<< Click to Display Table of Contents >> Navigation: 5. Detailed description of the Actions > 5.3. Run Control > 5.3.2. Multithread Run > 5.3.2.2. Balancing Workload in different Multithread Sections |
The multiJoin Action is usually quite slow (especially when there are many large “slave” tables). Thus, in the example above, the section 2 is the slowest. Section 2 thus drives the processing speed of the whole Anatella data-transformation graph.
Instead of using 1 CPU to execute the section 2, we could use 4 CPU’s:
A section that is executed using several CPU’s is named a “N-Way” section. To create a “N-Way” section, simply set the parameter “Number of threads” of the Multithread Action to the value 2 or higher.
You cannot obtain any data preview of the output pins of the Actions included inside a “N-Way” section. To notify you of this limitation, these pins turn RED during graph execution. If, for some reason, there exists an HD Cache for a pin that turns RED, it will be deleted.
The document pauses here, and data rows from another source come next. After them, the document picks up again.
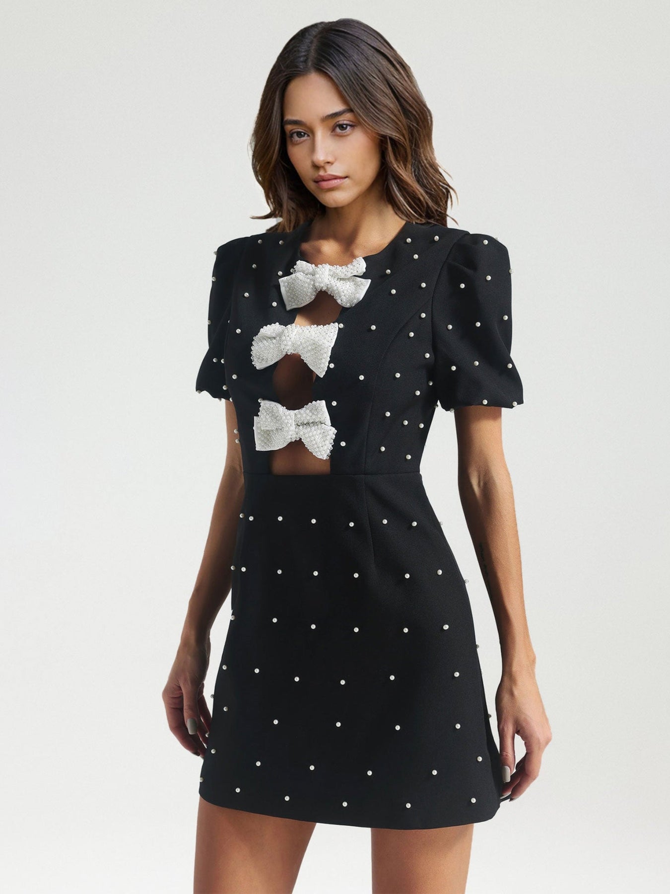 Ses pois blancs délicats et ses nœuds ornés de perles à l’avant lui donnent un style irrésistiblement féminin, tandis que ses manches bouffantes courtes apportent une allure moderne et flatteuse.
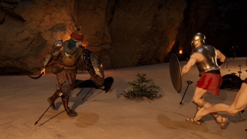 游戏采用虚幻引擎5开发,以写实风格重现古希腊的壮丽景观:从雅典卫城的残垣断壁到爱琴海的波光岛屿,细节丰富的地理环境随昼夜与天气动态变化。战场上,千人同屏的军团鏖战搭配粒子特效(如箭雨齐发、攻城火攻)营造出电影级战争场面。角色与建筑模型高度精细化,例如铠甲纹路、营地炊烟等均增强了沉浸感。
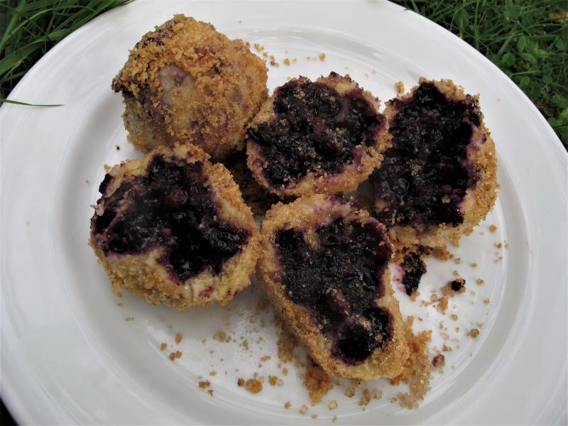Als Nächstes gab es dann Heidelbeerknödl aus Topfenteig:
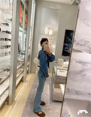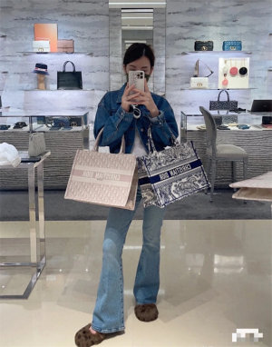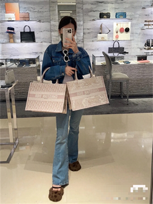 照片中,来到品牌店铺的方媛,穿着牛仔外套搭配牛仔长裤,打扮得非常时尚。只见她把两款包包一左一右地挎在手腕上,一会觉得蓝色这款很不错,一会又认为粉色这款是新款,看着也超喜欢。
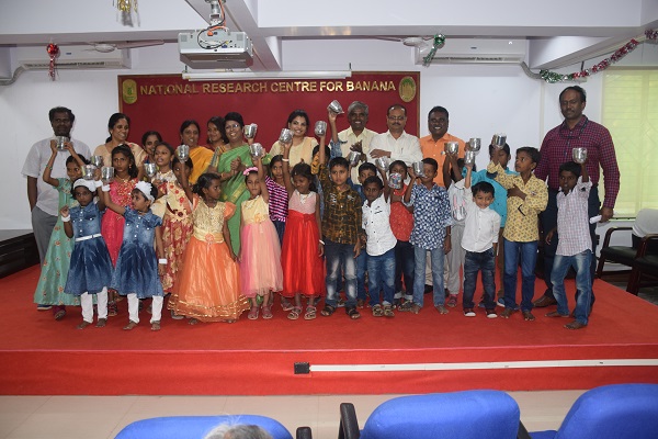ICAR-NRCB Recreation club has greeted New Year, 2019 on 01.01.2019 at the institute premises. About 200 members of ICAR-NRCB staff, JRF, SRF and students and skilled and unskilled workers participated in the New Year 2019 celebration. On this occasion, various kinds of competition was conducted, like, drawing, lemon & spoon and bucketing the ball etc. for the staff and their kids. Besides, they were all taught the Swachh Bhartah mission, & slogan. In the afternoon of 1st January 2019, all NRCB workers had a formal gathering and Dr. B. Padmanabhan, Principal Scientist welcomed the staff and their family members for the new year-2019 celebration. Various cultural events like dance, singing, elocution, etc. were performed by the staff and their kids. On this occasion, Dr. S Uma, Director, ICAR-NRCB highlighted the previous year’s achievements of ICAR-NRCB and emulated all the staff to strive hard to take the NRCB to a newer height. Then, prizes were distributed to all the winners of the various events. At the end, the cake cutting ceremony was done by the Director with all the staff.
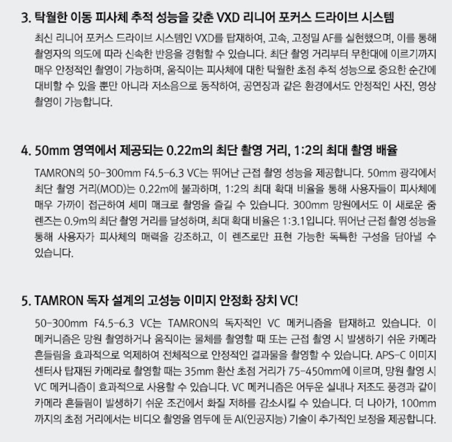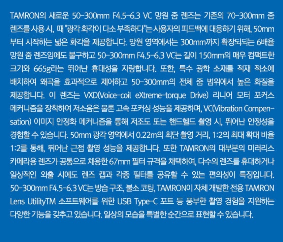 TAMRON의 새로운 50-300mm F/4.5-6.3 Di III VC VXD 렌즈는 동급 최고 수준의 휴대성과 성능을 자랑합니다. 다양한 촬영 상황에서 뛰어난 성능을 발휘하며, 특히 광각 영역에서의 확장된 화각과 고성능 이미지 안정화 장치(VXD, VC)를 통해 어떤 환경에서도 탁월한 결과물을 얻을 수 있습니다. 사진 애호가들에게 강력히 추천드리는 렌즈입니다.
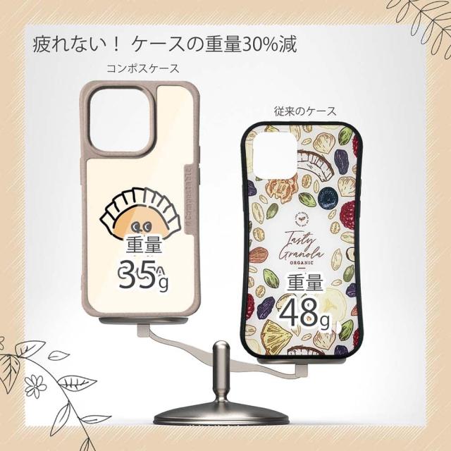 | 注意事項 | コンポスケースは、フレーム部分に「生分解性プラスチック」という環境に優しい素材を使用しております。そのため擦ったり、ぶつけたりする衝撃を与えると脆い部分もあります。耐衝撃ケースではないことをご了承ください。 Qi充電やMagSafe充電にも対応していますが、装着していない時に比べると充電速度は落ちます。 |
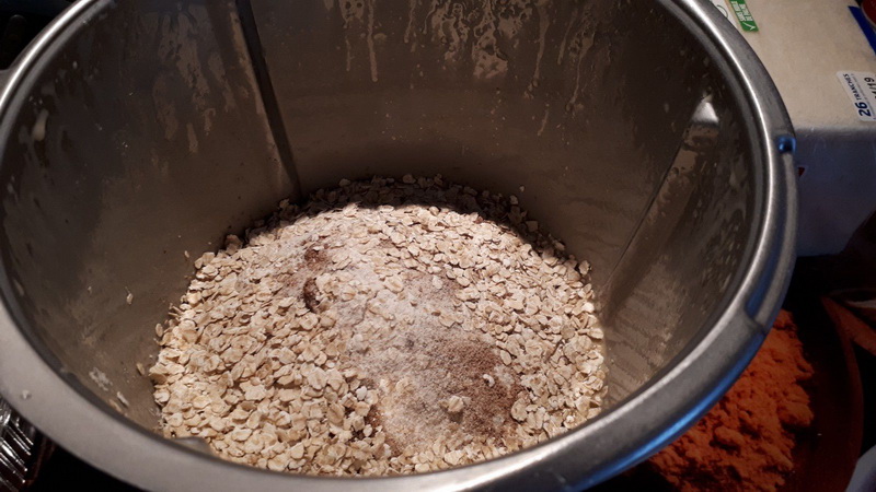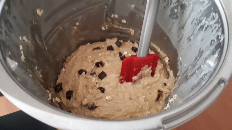 - Ajouter la farine, la levure, les flocons d’avoine et les pépites de chocolat puis mélanger 30sec/couteau inversé/vit3.
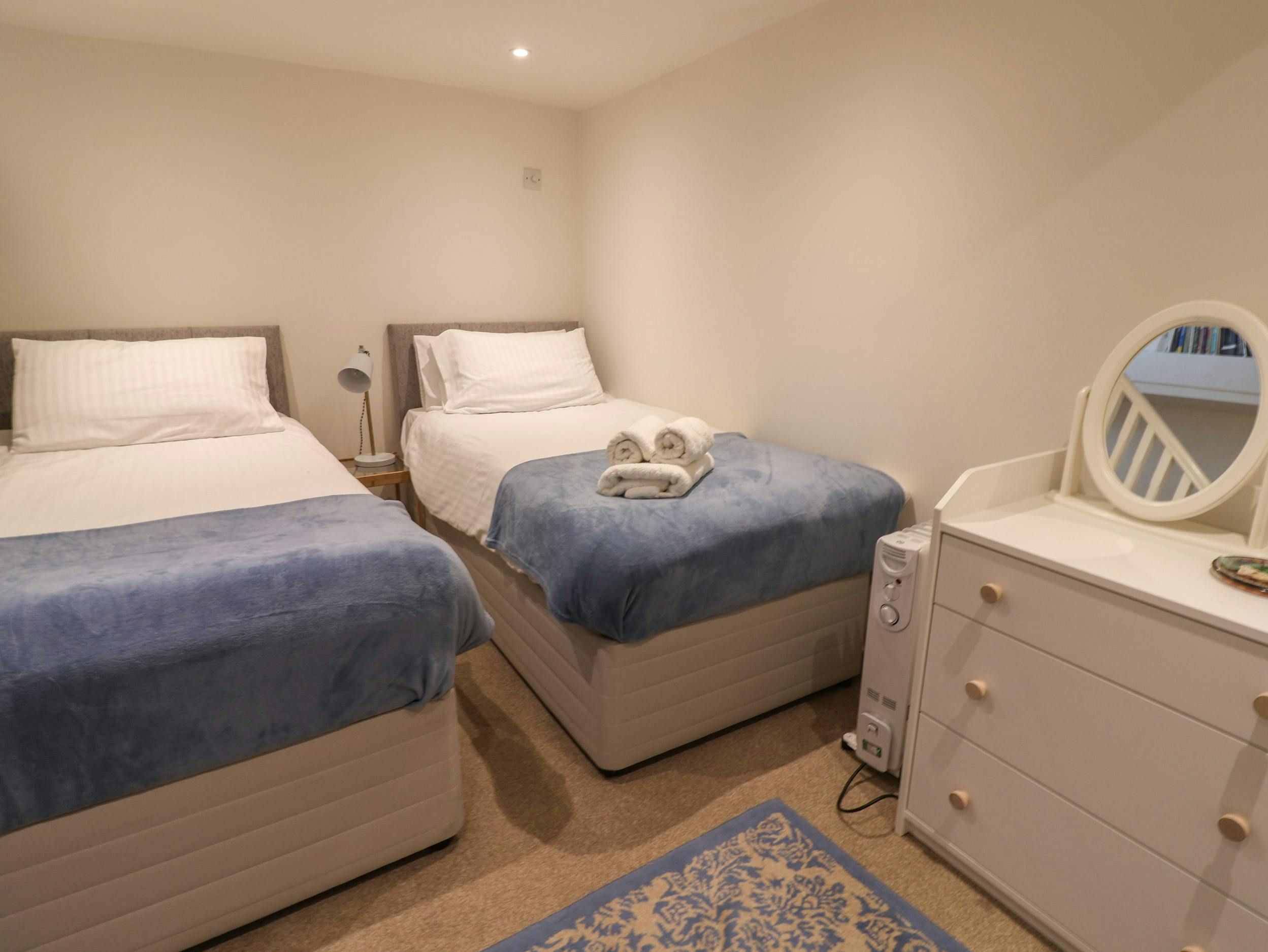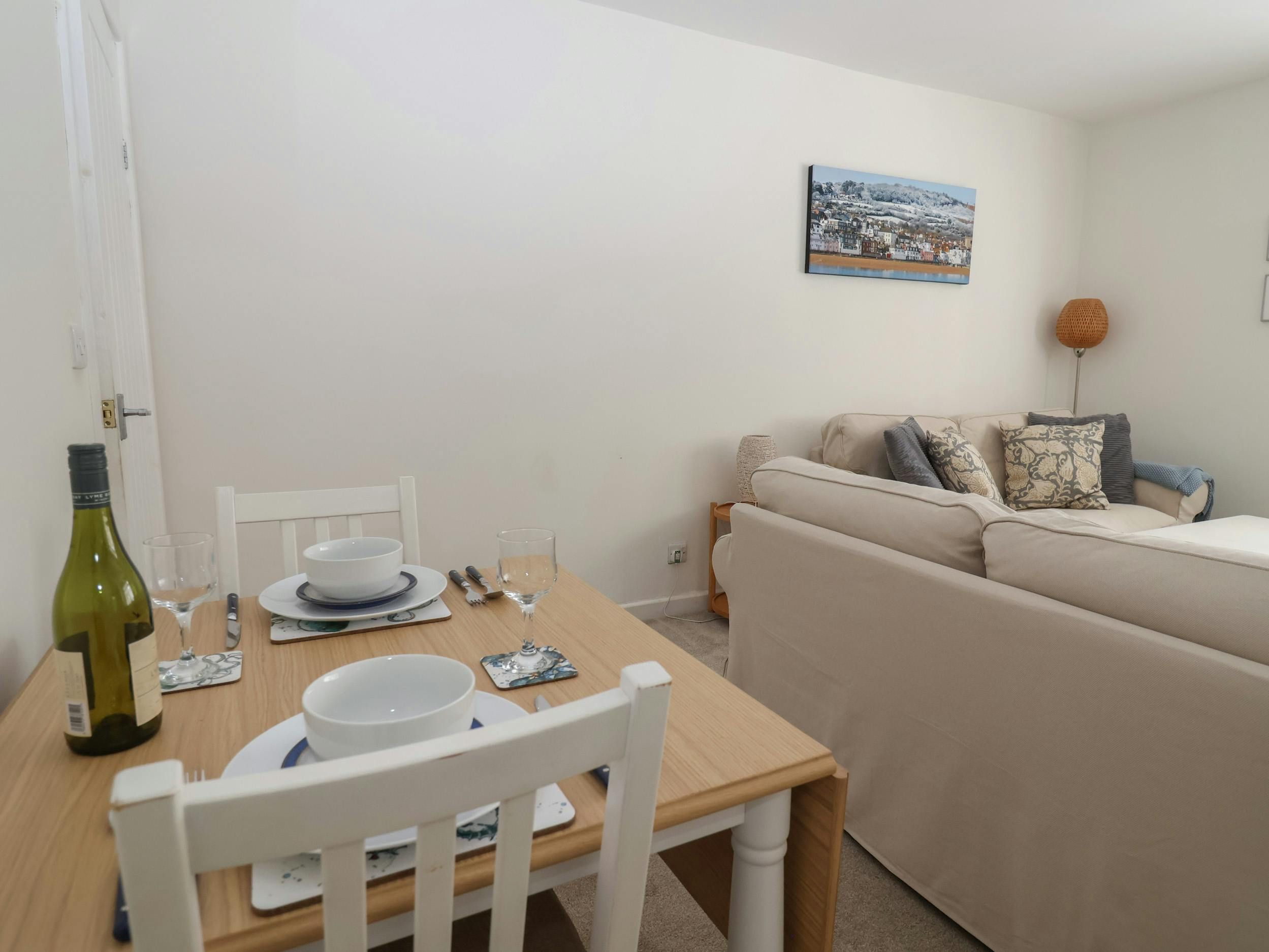 This modern apartment puts you right in the heart of Lyme Regis, just a short stroll from the shops, restaurants and seafront. Inside, it’s bright and welcoming, with an open-plan living space to relax after a day on the beach or exploring the Jurassic Coast. The kitchen is well equipped, and a welcome pack with local treats makes settling in easy. With a king-size bedroom on the ground floor and a twin room below, it’s a handy base for couples or small families keen to enjoy the beaches, harbour, fossil hunting and coastal walks.

All HD caches are disabled (and deleted) inside “N-Way” sections. Thus, we suggest you to avoid using “N-Way” sections during the initial Anatella graph development phase. Once your graph has been tested and is working properly, you can start adding “N-Way” sections to increase processing speed.
Internally, when you ask to execute a N-Way section, Anatella automatically duplicates all the Actions inside the N-Way section and then dispatch a constant “flow of rows” to each of the duplicates. Each duplicate is running “in parallel”, on a different CPU. If we go back to the above example, you could think of the “conceptual” graph that is *really* executed as the following one:
Now, with this new setting (i.e. with 4 CPU’s for section 2), the slowest segment (i.e. the one that drives the global speed of the Anatella graph) could be section 1 or 3. It can be difficult to adjust properly the number of CPU’s assigned to each section to obtain the highest processing speed. Let’s avoid this difficulty by rewriting the same data transformation in a slightly different way:
The above data transformation graph is optimal in terms of execution speed because:
•Section 1 and section 3 are very fast because they each contain only one Action that consumes very little CPU. Thus, if there is a bottleneck, it should be in section 2 (and not in section 1 or 3).
•Section 2 is highly multithreaded (it uses 6 CPU’s). If we could afford more CPU’s, we would use them in section 2 because if, there is a bottleneck, it should be here.
The above graph is *nearly* optimal for a 8-cores CPU (because it exactly uses 8 CPU’s).
However, it can still be improved a little:
•The only Action included in Section 1 is reading a .gel_anatella file.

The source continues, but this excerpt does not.